* [Exercise objective]:
Records follow. Print exactly the lines from the one that has "Naklejka premium Vibrant" through the one that has "Christmas Cheer: A", inclusive, and omit the pictures.

* [Records to use]:
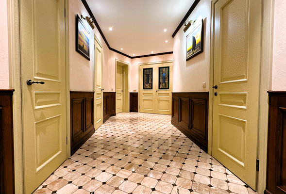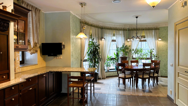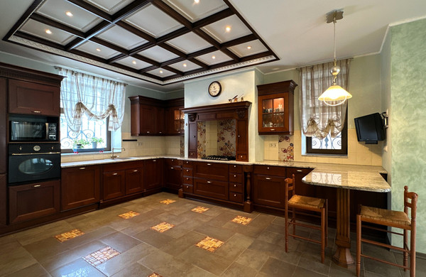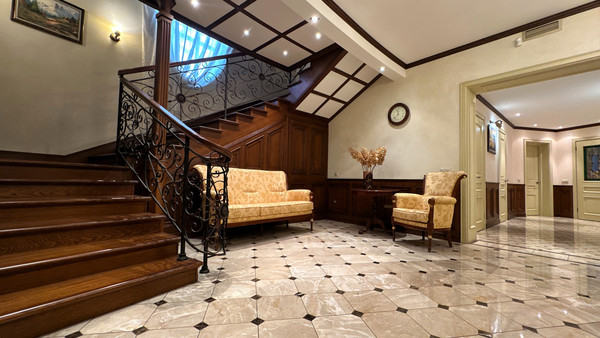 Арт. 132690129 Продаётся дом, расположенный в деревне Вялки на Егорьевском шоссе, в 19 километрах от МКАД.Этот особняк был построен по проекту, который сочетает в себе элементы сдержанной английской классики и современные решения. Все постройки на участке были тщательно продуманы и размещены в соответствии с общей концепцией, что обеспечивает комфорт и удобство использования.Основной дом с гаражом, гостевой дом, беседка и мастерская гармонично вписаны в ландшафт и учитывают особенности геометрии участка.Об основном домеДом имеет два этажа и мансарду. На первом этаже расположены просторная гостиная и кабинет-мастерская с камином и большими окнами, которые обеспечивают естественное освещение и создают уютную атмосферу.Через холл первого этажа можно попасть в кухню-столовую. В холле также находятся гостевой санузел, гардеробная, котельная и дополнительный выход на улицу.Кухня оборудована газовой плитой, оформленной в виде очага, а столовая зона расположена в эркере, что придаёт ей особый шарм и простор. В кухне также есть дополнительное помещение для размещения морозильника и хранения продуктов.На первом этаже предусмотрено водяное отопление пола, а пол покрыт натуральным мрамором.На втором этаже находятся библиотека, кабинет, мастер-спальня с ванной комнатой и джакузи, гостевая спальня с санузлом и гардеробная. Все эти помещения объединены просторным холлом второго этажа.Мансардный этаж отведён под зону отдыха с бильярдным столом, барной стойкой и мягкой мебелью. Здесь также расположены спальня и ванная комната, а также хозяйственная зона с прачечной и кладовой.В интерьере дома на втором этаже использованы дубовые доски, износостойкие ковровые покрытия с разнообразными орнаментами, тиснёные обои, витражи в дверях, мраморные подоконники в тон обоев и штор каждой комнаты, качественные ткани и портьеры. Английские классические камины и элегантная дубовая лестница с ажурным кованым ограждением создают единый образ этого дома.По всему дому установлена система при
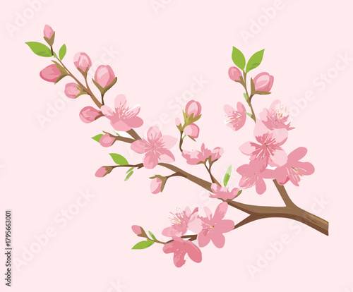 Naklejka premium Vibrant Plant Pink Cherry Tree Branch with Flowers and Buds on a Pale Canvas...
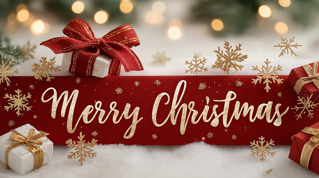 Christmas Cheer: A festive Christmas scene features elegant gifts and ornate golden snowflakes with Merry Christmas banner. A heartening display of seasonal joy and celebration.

--

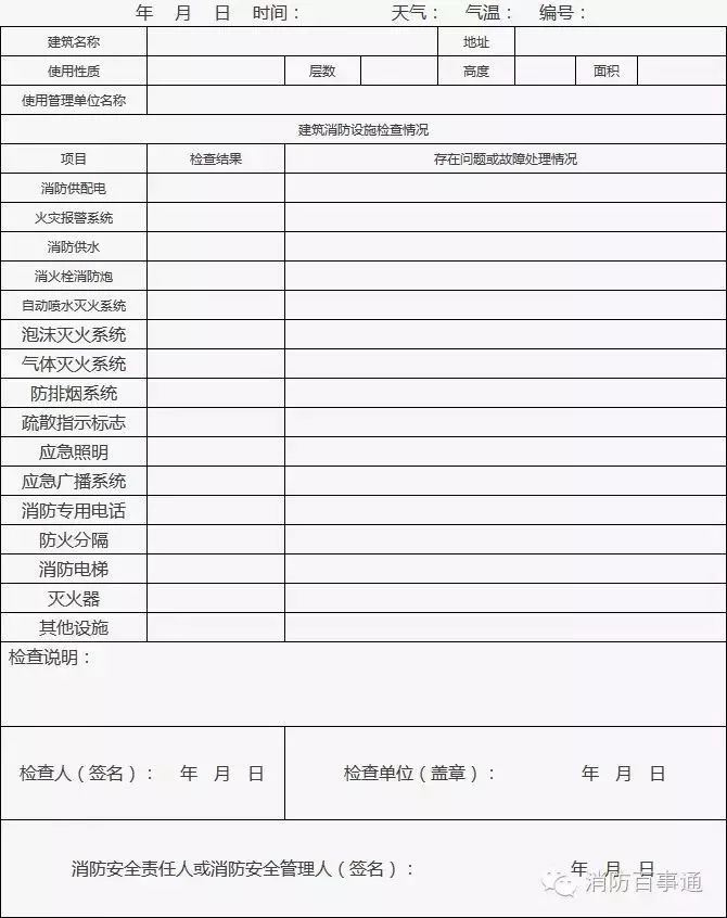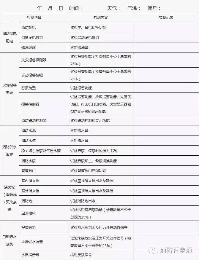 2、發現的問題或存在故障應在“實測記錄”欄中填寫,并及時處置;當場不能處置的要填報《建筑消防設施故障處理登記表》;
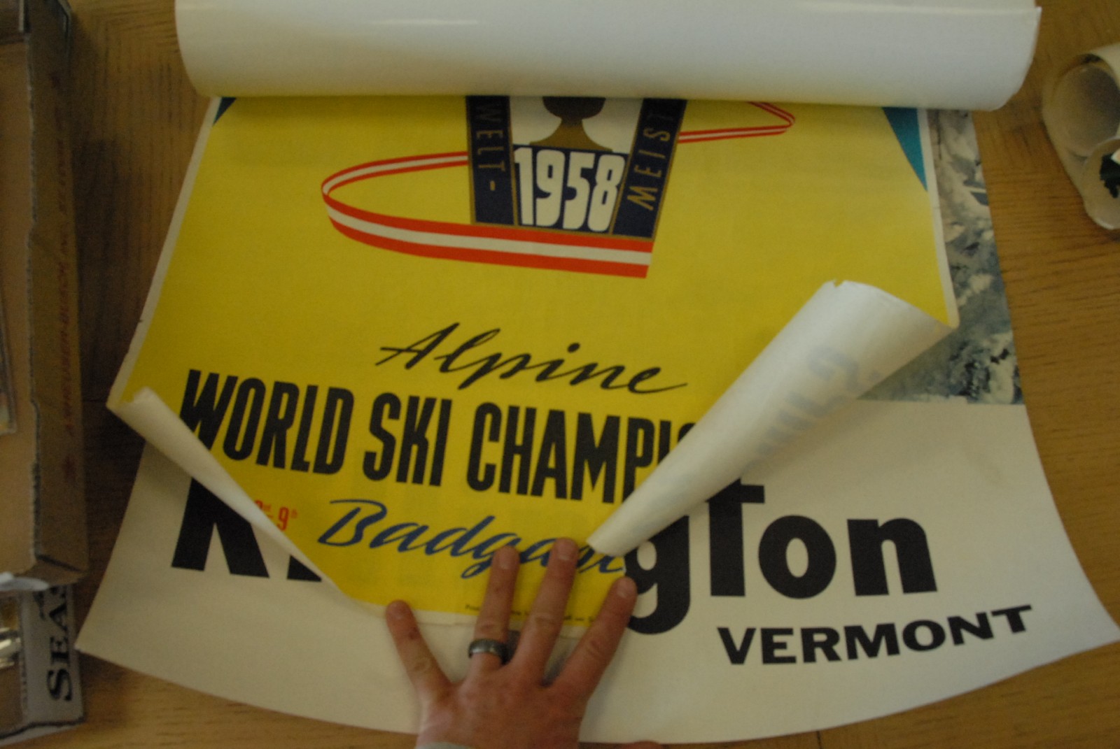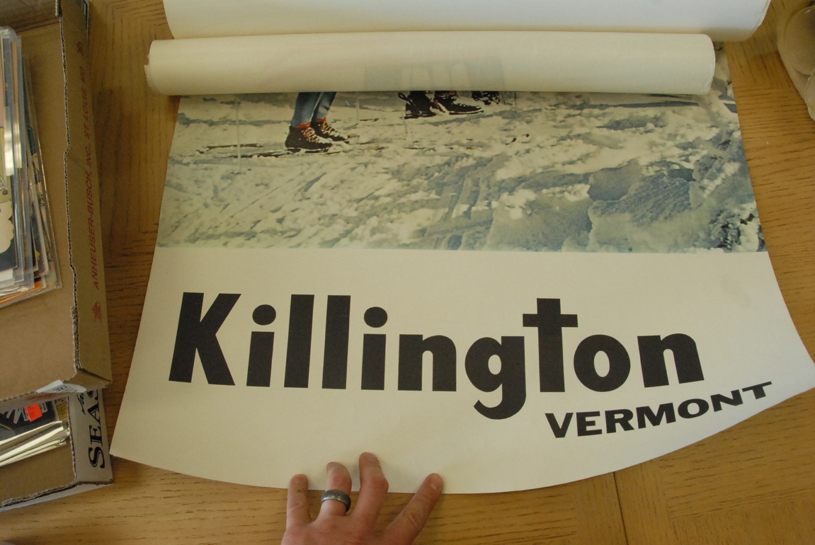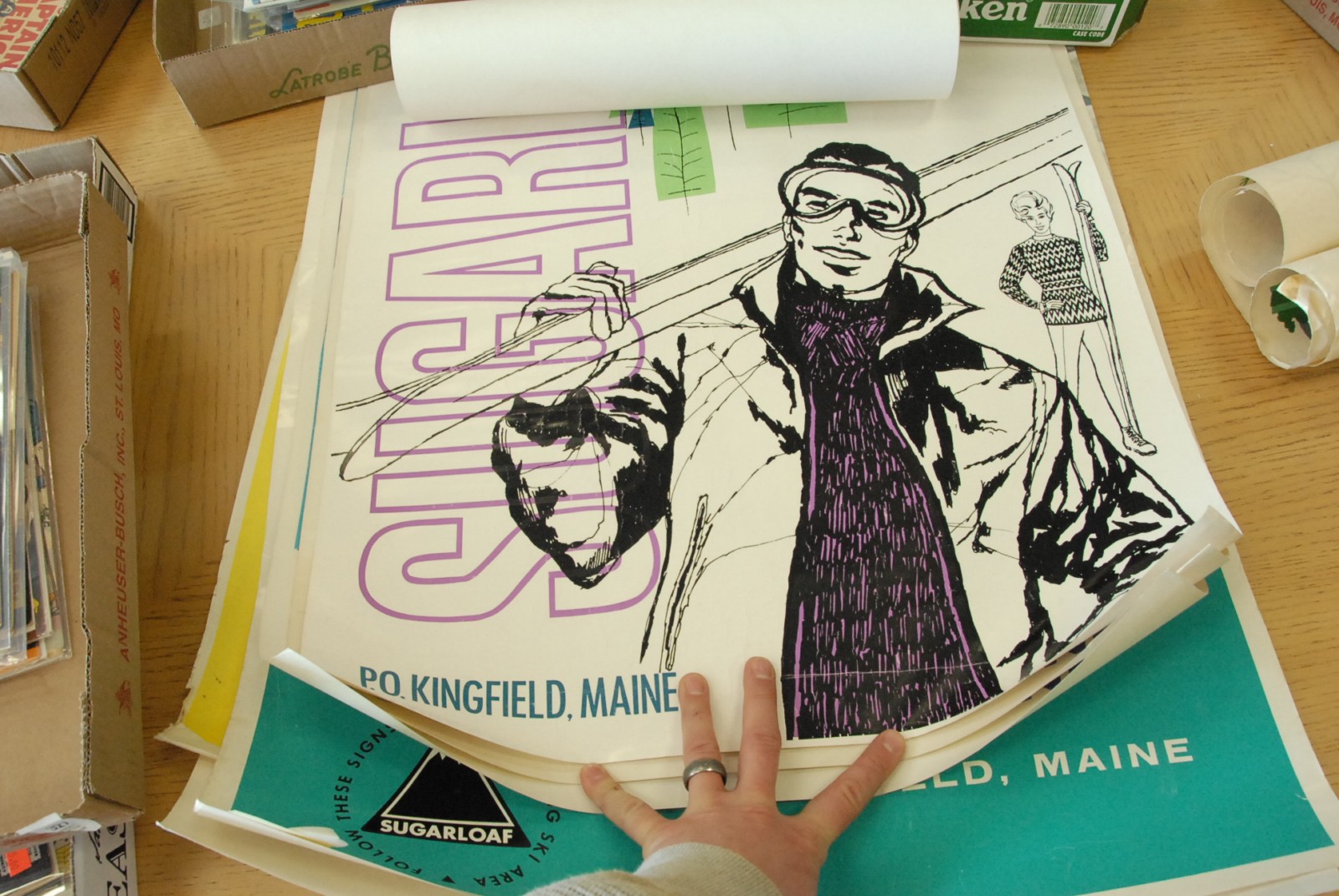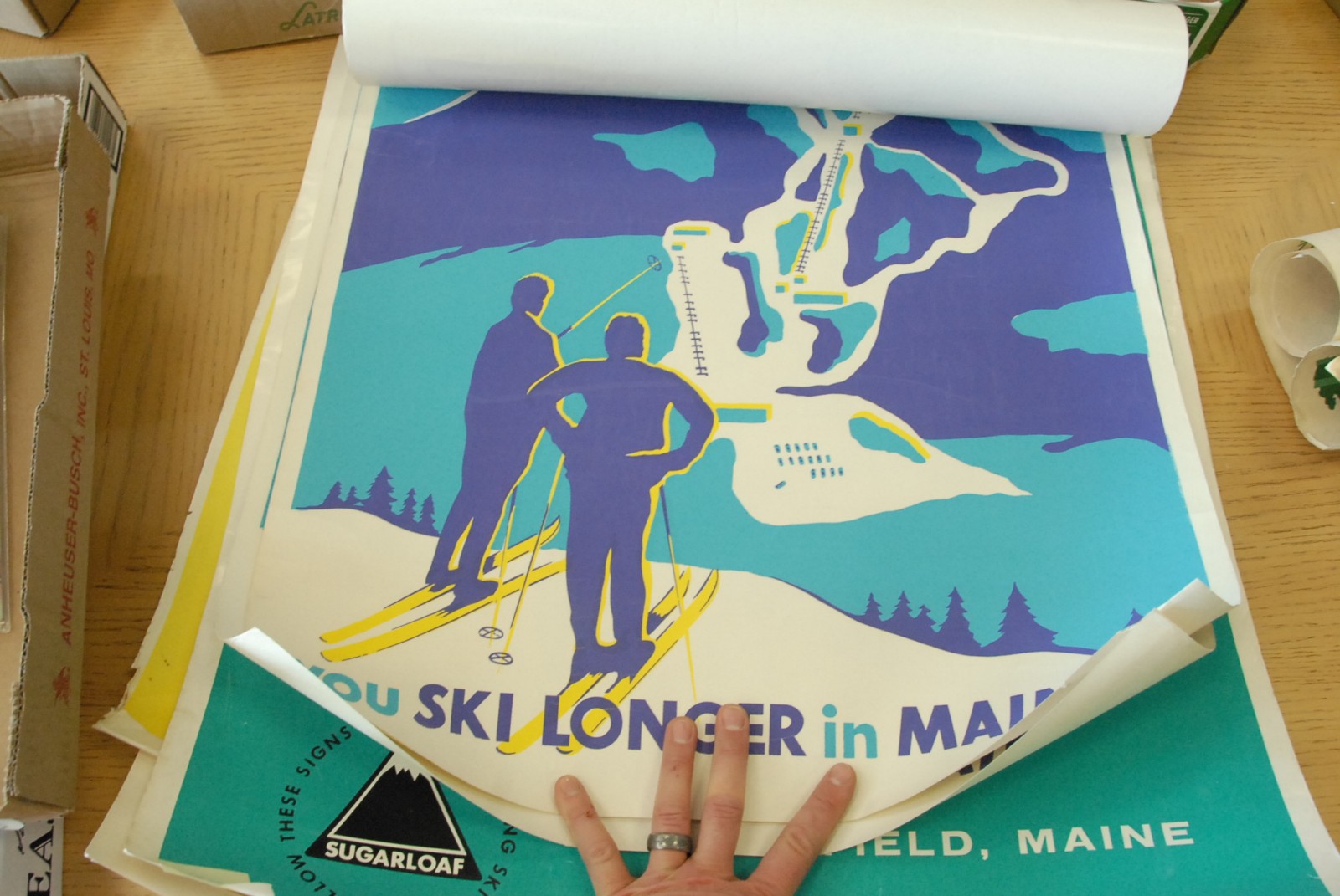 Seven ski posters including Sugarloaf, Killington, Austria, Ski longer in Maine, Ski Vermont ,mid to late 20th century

* [Exercise result]:
 Naklejka premium Vibrant Plant Pink Cherry Tree Branch with Flowers and Buds on a Pale Canvas...
 Christmas Cheer: A festive Christmas scene features elegant gifts and ornate golden snowflakes with Merry Christmas banner. A heartening display of seasonal joy and celebration.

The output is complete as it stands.